### TO DO
Further down are entries; set down exactly and only the lines from the one with "Pellet thermo-fireplace ventilated" up to and including the one with "See by Chloe 深藍色縷空花紋棉質內刷毛連身洋裝", dropping each picture.

### DATA TO PROCESS
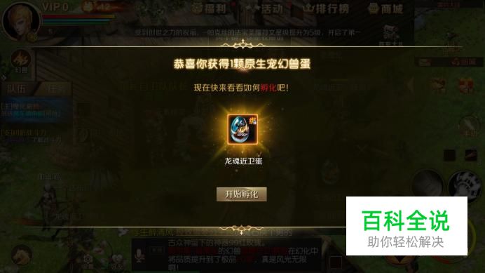 当玩家完成任务或者活动的时候,可能会获得幻兽蛋,系统会弹框提示,点击“开始孵化”
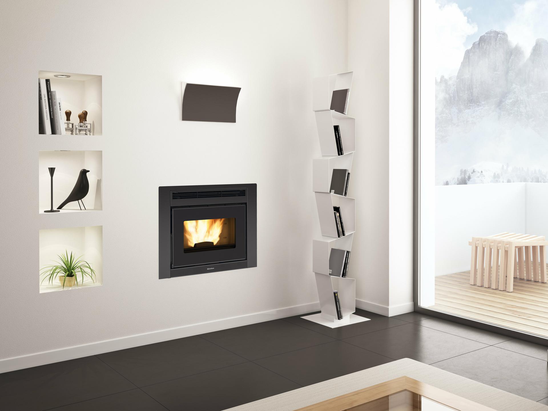 Pellet thermo-fireplace ventilated with wide fire vision. Combustion chamber in thick steel, fire door and brazier in cast iron. Shell and tube exchanger with automatic cleaning. Front room ventilation with dedicated motor, with Comfort function, excludable. Ceramic igniter. Lifting handles to facilitate assemly.
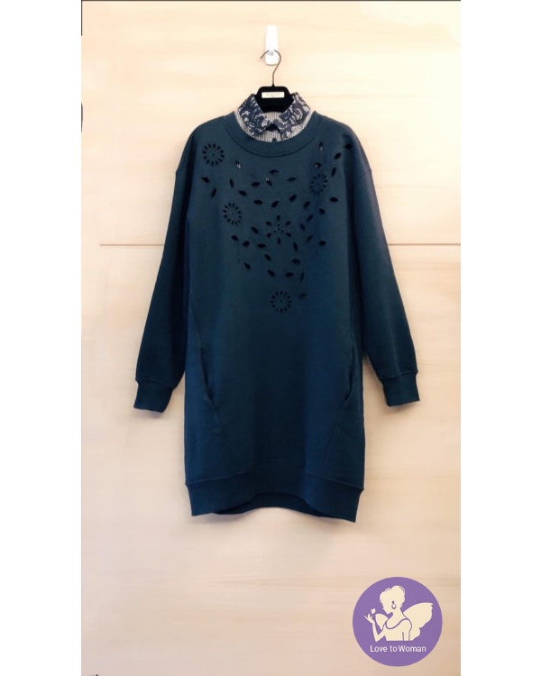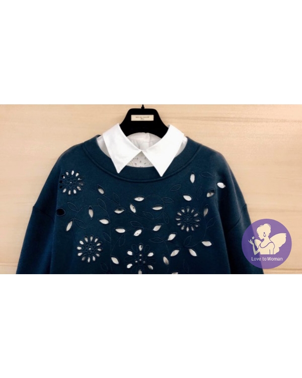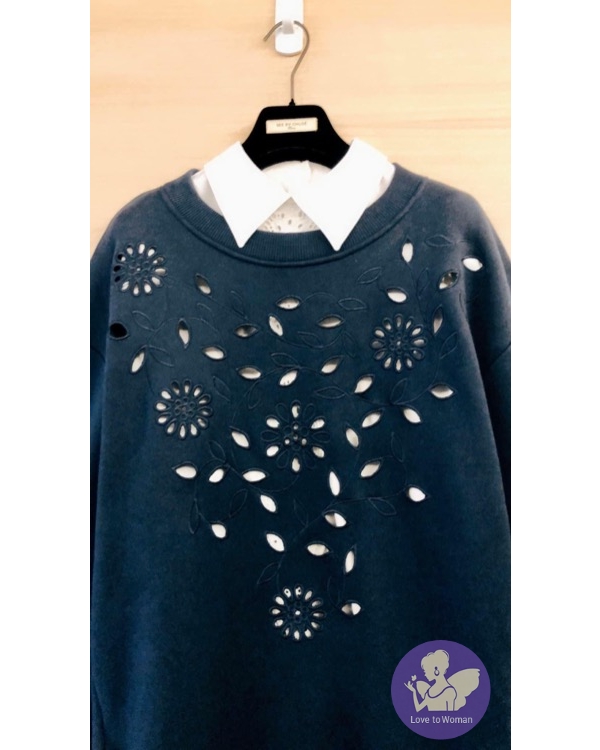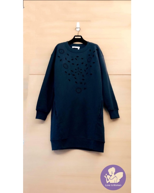 See by Chloe 深藍色縷空花紋棉質內刷毛連身洋裝
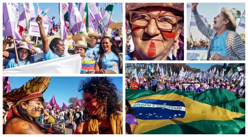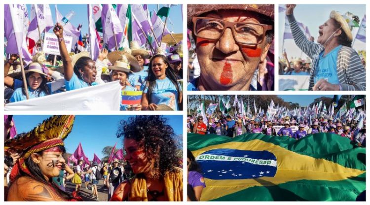 Cerca de 100 mil mulheres do campo, da floresta e das águas do Brasil e da América Latina, juntas em defesa de seus territórios, seus corpos e espíritos. Por um Brasil com Soberania Popular, Democracia, Justiça, Igualdade e Livre de Violência.
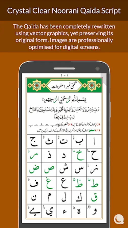 - Crystal Clear Noorani Qaida (Pakistani Edition) Script has been completely rewritten using vector graphics, yet preserving its original classical form.

### SOLUTION FOR THIS TASK
 Pellet thermo-fireplace ventilated with wide fire vision. Combustion chamber in thick steel, fire door and brazier in cast iron. Shell and tube exchanger with automatic cleaning. Front room ventilation with dedicated motor, with Comfort function, excludable. Ceramic igniter. Lifting handles to facilitate assemly.
 See by Chloe 深藍色縷空花紋棉質內刷毛連身洋裝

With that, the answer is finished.